Viral whole-genome sequencing.

The whole genome of the virus at each passage was sequenced by using an Applied Biosystems (Carlsbad, CA, USA) 3500xL genetic analyzer, as described previously (13). Briefly, viral RNA (vRNA) was extracted using a QIAamp viral RNA minikit (Qiagen, Germantown, MD, USA), and cDNA was synthesized from vRNA, reverse transcribed by using Uni12 primers, and amplified by PCR by using primers specific for each fragment (the primer sequences are available upon request).

Homology modeling.

The SWISS-MODEL online server was used to construct a homology model of HA. Briefly, the amino acid sequence of HA was submitted to the server, and 50 templates were retrieved from the Protein Data Bank (PDB). The base-matched template (PDB accession number 6ONA) showed 76.47% sequence identity to the target HA. Three-dimensional models of the HA trimer were constructed, and the quality of the models was evaluated with Ramachandran plots. The model was visualized and analyzed by using the University of California, San Francisco, Chimera program (https://www.cgl.ucsf.edu/chimera/).

Virus rescue.

A bidirectional eight-plasmid-based reverse genetic system for HeN11 was constructed to insert the corresponding gene into the vector pHW2000 (kindly provided by Richard Webby of St. Jude Children’s Research Hospital, Memphis, TN, USA) and used to rescue the virus as described previously (13).
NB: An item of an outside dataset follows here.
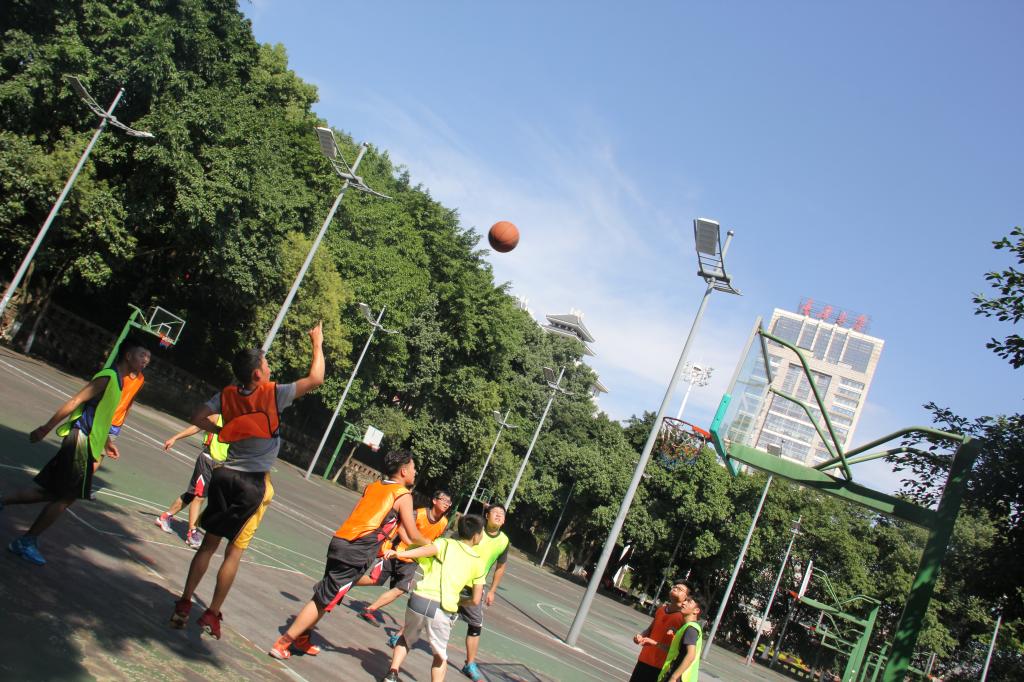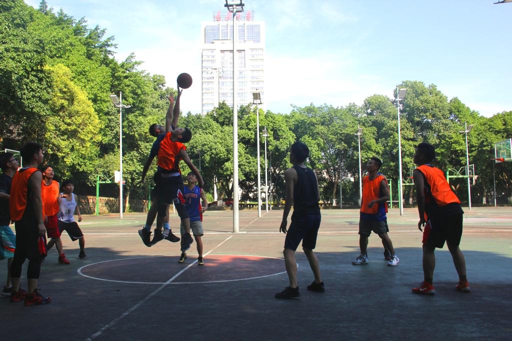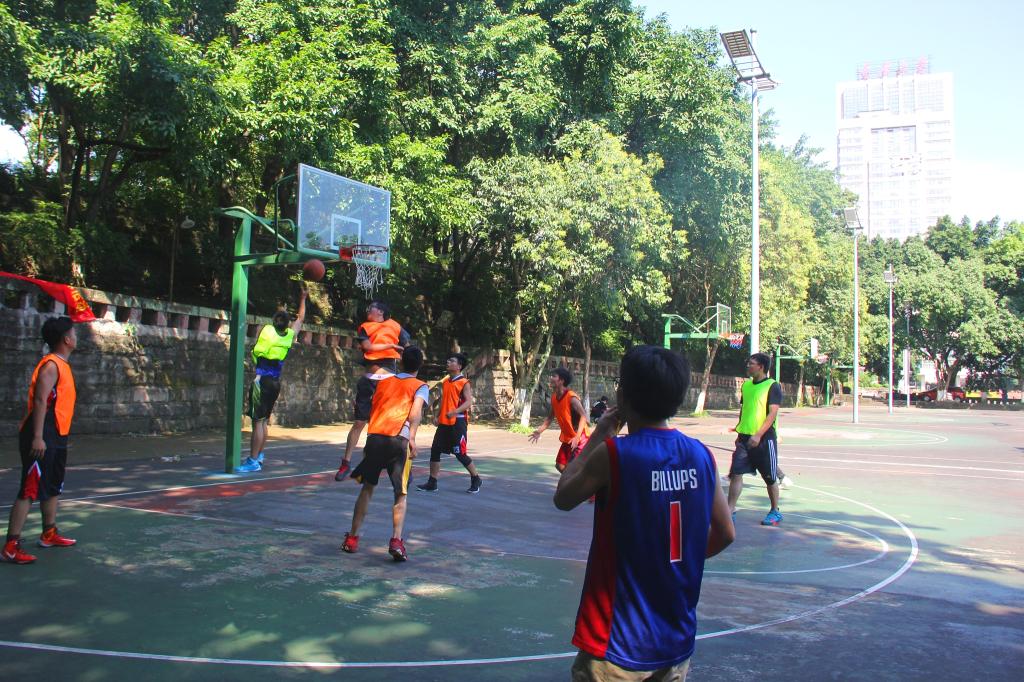 比赛一开始就进行得如火如荼,篮球运动健儿们心中都有个信仰:什么都抵挡不住我们对篮球的热情,不管严寒还是酷暑。今天重庆温度30摄氏度以上,烈日为整个活动添加了更多的热情。第一场,制造所VS七教制造所凭借罚球拿下第一分,上半场你来我往,比分定格在11-13。下半场一开局,七教凭借着连续3个精准的3分球,一度将分差拉开到9分,最终,七教凭借着下半场精准命中的6个3分球以及上半场2分的领先优势,总比分以29-43结束。

Reassortant viruses were rescued by transfecting cocultured human embryonic kidney HEK293T and MDCK cells with the recombinant plasmids, propagated in MDCK cells or 10-day-old specific-pathogen-free embryonated chicken eggs, followed by whole-genome sequencing to ensure the absence of unwanted mutations. The primer sequences for virus rescue are available upon request.

Serological testing.

HI and neutralization reactivities were tested as previously described (53), and titers were determined as the highest dilution that completely inhibited viral hemagglutination activities.

Receptor-binding assay.

The receptor preference of each tested virus was examined by using a solid-phase binding assay as described previously (54), using two different glycopolymers: an α-2,3-sialylglycopolymer (Neu5Acα2-3Galβ1-4GlcNAcβ1-pAP [para-aminophenyl]-α-PGA [α-polyglutamic acid]) (avian-type receptor) and an α-2,6-sialylglycopolymer (Neu5Acα2-6Galβ1-4GlcNAcβ1-pAP-α-PGA) (human-type receptor). Chicken antisera against the respective viruses were used as the primary antibodies, and a horseradish peroxidase-conjugated goat anti-chicken antibody (Sigma-Aldrich, St. Louis, MO, USA) was used as the secondary antibody. The absorbance was measured at a wavelength of 490 nm. Each experiment included three replicates.

Viral growth kinetics.

MDCK cells and hTERT-PTECs were infected with the test viruses at multiplicities of infection of 0.001 and 0.01 in the presence of 1 μg/mL and 0.1 μg/mL TPCK-trypsin, respectively, at 37°C. Supernatants were collected at 12, 24, 36, 48, 60, and 72 hpi and stored at −80°C. The viral titers were determined by endpoint titration and expressed as the mean log10 TCID50 per milliliter ± the standard deviation (SD) from three independent experiments.

Statistical analysis.

Data were analyzed by using two-way analysis of variance followed by Tukey’s multiple-comparison test in GraphPad Prism software (version 8.0; GraphPad Software, Inc., San Diego, CA, USA). A P value of <0.05 was considered statistically significant.

Data availability.

The HA genes of the escape mutants were sequenced and have been deposited in GenBank under the accession numbers ON479265 and ON479266.